A Palazzo Pitti il realismo onirico di Neo Rauch

Redazione Nove da Firenze

L'articolata ed enigmatica estetica di Rauch, che mescola (spesso nello stesso dipinto) elementi e paesaggi tratti dal figurativismo e dal romanticismo tedesco con gli stilemi del realismo di stampo socialista e le forme astratte e primordiali del surrealismo, si fonde dunque con l'ariosità geometrica delle architetture e delle decorazioni di Palazzo Pitti, creando un'alchimia visiva unica. Unicità arricchita dal fatto che Rauch ha creato, nel tempo, svariati dei dipinti oggi in esposizione pensando specificamente agli spazi della reggia: un'idea che all'artista era venuta proprio dopo aver visitato la fastosa residenza dei Granduchi. Protagonista della mostra è anche un autoritratto, che Rauch, per quest’occasione, ha deciso di donare alle Gallerie degli Uffizi: entrerà a far parte della storica collezione di questo tipo di opere custodita nel complesso museale.

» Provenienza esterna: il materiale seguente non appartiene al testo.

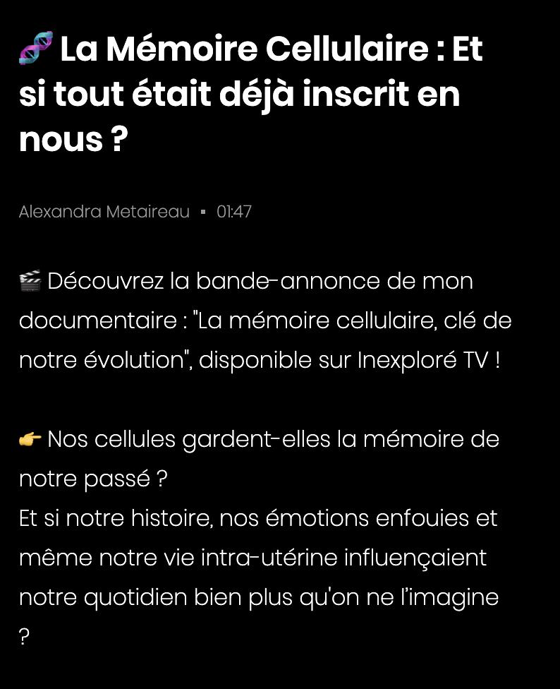 *"Mémoire cellulaire, la clé de notre évolution" | Documentaire 50' | Inexploré TV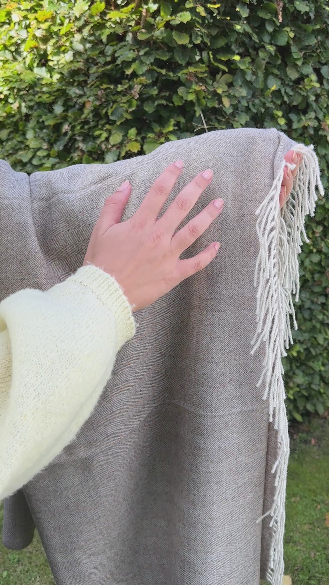 Uldplaid i 100% baby alpaca uld - sand m. sildebensmønster
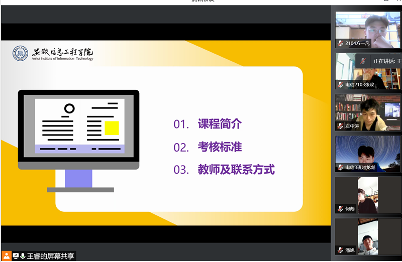 为落实我省高教强省战略,改革高校计算机相关专业人才模式培养,推动物联网应用技术在相关领域的研究,提高我校学生对物联网等高科技领域的知识和素养。科大讯飞AI开发者社区安信工分社(以下简称AI协会)于2022年4月举办了“安徽信息工程学院物联网应用创新大赛校内选拔赛”。此次大赛邀请到物联网创新实验室指导老师何灏、王成栋等担任比赛的评委。(图为校内选拔赛海报)此次活动分为初赛、预决赛和决赛。AI协会分别于4月19日、4月20日和4月22日举办了初赛、预决赛和决赛。初赛共选拔出22支优秀队伍进入预决赛;预决赛中又脱颖而出10支队伍进入了决赛;经过激烈的角逐,最终在决赛中遴选出八份优秀作品,摘得桂冠的作品是“5G+无人机基站的移动网络通信系统”,期待入围队伍在省赛中取得更好的成绩。虽然本次赛事在线上举办,但比赛现场的氛围依旧紧张热烈。(图为选拔赛预赛现场)比赛期间,各支队伍依次进行项目汇报。选手们汇报时展现出来的朝气与自信,将比赛推向了又一个高潮。汇报完成后,评委老师们依据评审标准,秉承着客观、公
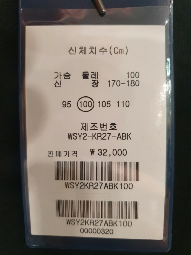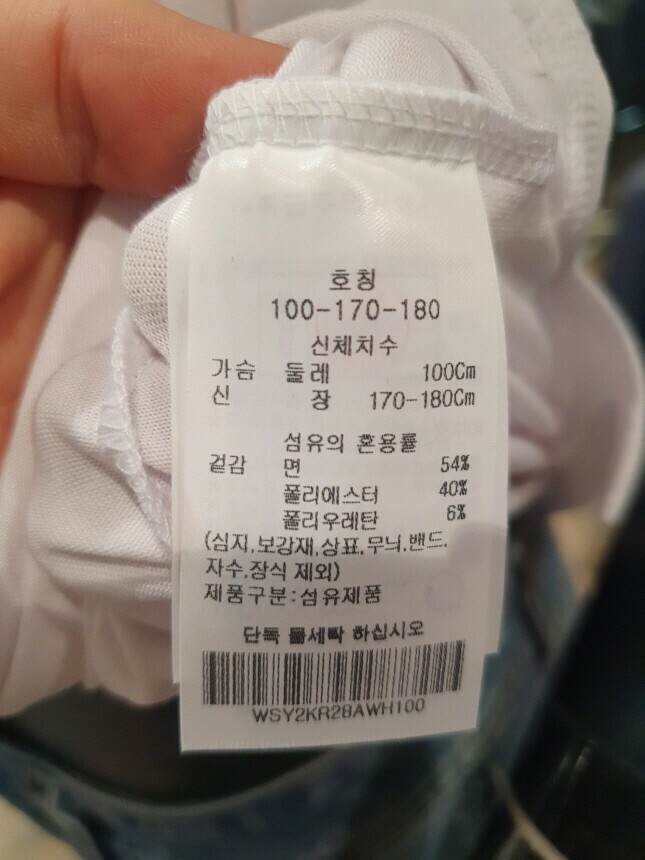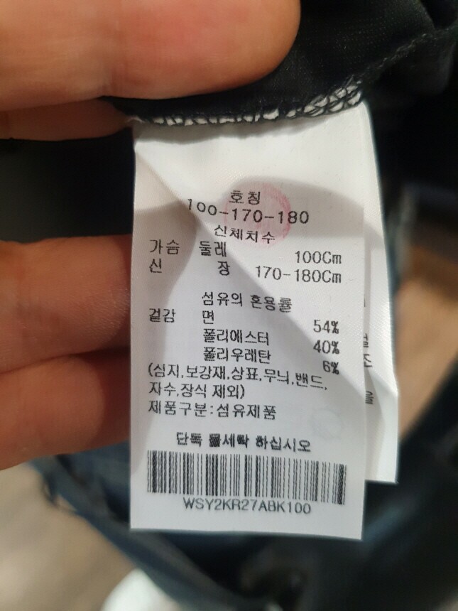 겉감 : 면 54% , 폴리에스터 40% , 폴리우레탄 6%
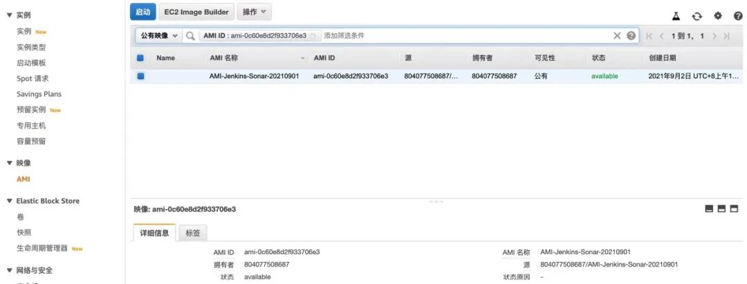 进入Amazon EC2服务页面,点击右侧菜单映像AMI,选择公有映像,筛选AMI ID: ami-09ee66d2d7dd20ad1(中国区),ami-0c60e8d2f933706e3(海外区),获取 Jenkins-Sonar 的 AMI 镜像

"Neo Rauch è senza alcun dubbio uno dei più influenti artisti tedeschi viventi - commenta il direttore Eike Schmidt - e oggi gli Uffizi sono fieri per due motivi: innanzitutto, di essere il primo museo italiano a ospitare una rassegna monografica a lui dedicata; in secondo luogo, perché abbiamo il raro onore di accogliere opere concepite proprio per Palazzo Pitti. E così l'architettura e le decorazioni del primo Ottocento che caratterizzano l'Andito 'avvolgono' forme mutevoli e lo stile composito, modernissimo, del maestro; con grande naturalezza, si uniscono e amalgamano la grande storia e la grande contemporaneità".

"Quando sono stato per la prima volta, in queste sale in Palazzo Pitti mi sono sentito subito a mio agio - aggiunge lo stesso Rauch - hanno un carattere intimo, come si conviene a un appartamento di un palazzo, hanno una bella coloritura. Qui lo spazio contribuisce alla pittura, lo spazio è esso stesso una pittura".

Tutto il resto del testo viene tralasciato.